Cache Miss Anatomy: Tuning Memory Layout for Prefetch-Dominated Workloads

This guide dissects the anatomy of cache misses in modern workloads where hardware prefetching dominates memory access patterns. We explain why traditional cache optimization advice often backfires under aggressive prefetching and provide a systematic framework for tuning memory layout. Topics include understanding prefetcher behavior, detecting prefetch-friendly vs. prefetch-hostile patterns, layout strategies such as structure-of-arrays and array-of-structures, and step-by-step profiling with

Introduction: Why Cache Miss Anatomy Matters Now

Modern processors hide memory latency through increasingly sophisticated hardware prefetchers. These prefetchers detect regular access patterns and fetch data into cache before it is explicitly requested. However, when memory layout does not align with these patterns, prefetching can become ineffective or even harmful, polluting cache with unused lines. This guide provides a deep dive into the anatomy of cache misses under prefetch-dominated workloads, focusing on how to tune memory layout to work with, not against, the prefetcher. We target experienced developers who have already mastered basic cache optimization and now face diminishing returns from conventional advice like 'pack structures' or 'align to cache lines.' The reality is more nuanced: aggressive prefetchers change the cost model of cache misses. A seemingly optimal layout can increase misses because it confuses the prefetcher's stride detection. Conversely, a layout that appears wasteful may trigger useful prefetches. This overview reflects widely shared professional practices as of May 2026; verify critical details against current processor documentation where applicable.

The core pain point is that developers often treat cache misses as a uniform problem, applying generic solutions like padding or reordering fields. In prefetch-dominated workloads—common in databases, real-time analytics, and scientific computing—such generic approaches can degrade performance. This guide teaches you to diagnose the specific types of cache misses (compulsory, capacity, conflict) in the context of prefetcher behavior. We provide a framework for analyzing memory access patterns, selecting layout strategies, and validating improvements with profiling tools.

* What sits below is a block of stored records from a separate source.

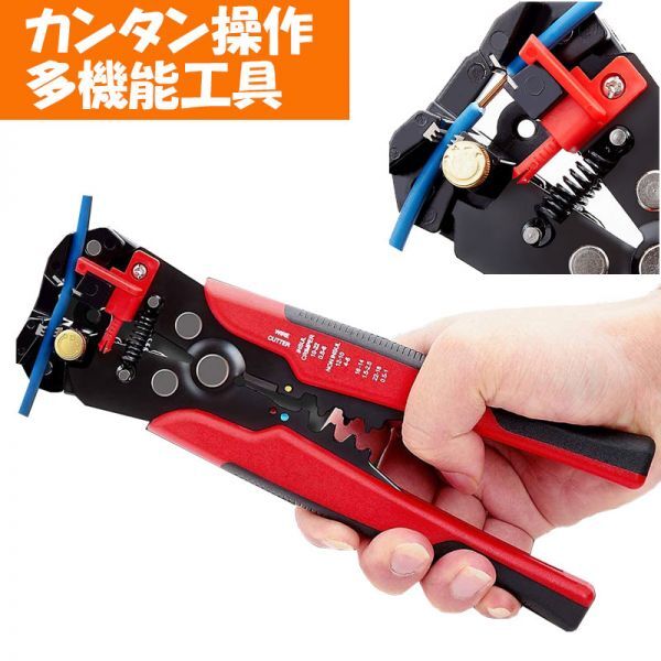 送料无料 ワイヤーストリッパー クリンパー 自动 オート マルチ 皮剥ぎ 10-24AWG 电工ペンチ (7)
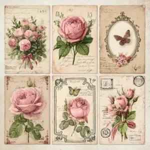 «Victorian Mauve Rose Portraits – 4 Cards (Antique Roses & Ladies...»
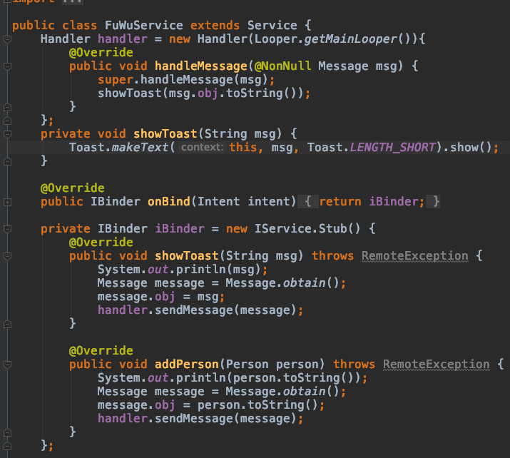 发送简单的数据类型比如String类型,直接调用IService.aidl接口中定义好的方法 mService.showToast("这是客户端发送的数据") 如果发送自定义数据类型,直接调用IService.addPerson(person)对象,客户端的代码完成了,下面请看服务器短的代码。

By the end, you will be able to identify when prefetching is helping or hurting, and adjust your data structures accordingly.

Core Concepts: Prefetch-Dominated Workloads Demystified

A prefetch-dominated workload is one where the majority of cache misses are not purely demand-driven; instead, the processor's prefetcher attempts to anticipate future accesses. For these workloads, the effectiveness of the prefetcher strongly influences overall memory performance. Hardware prefetchers typically detect sequential or strided access patterns over physical addresses. When memory layout is sparse or irregular, the prefetcher may fetch lines that are never used, wasting memory bandwidth and cache capacity. Understanding the types of prefetchers—such as the stream prefetcher (detects sequential streams), the stride prefetcher (detects constant-stride patterns), and the region prefetcher (groups nearby accesses)—is essential. Each type responds differently to layout changes.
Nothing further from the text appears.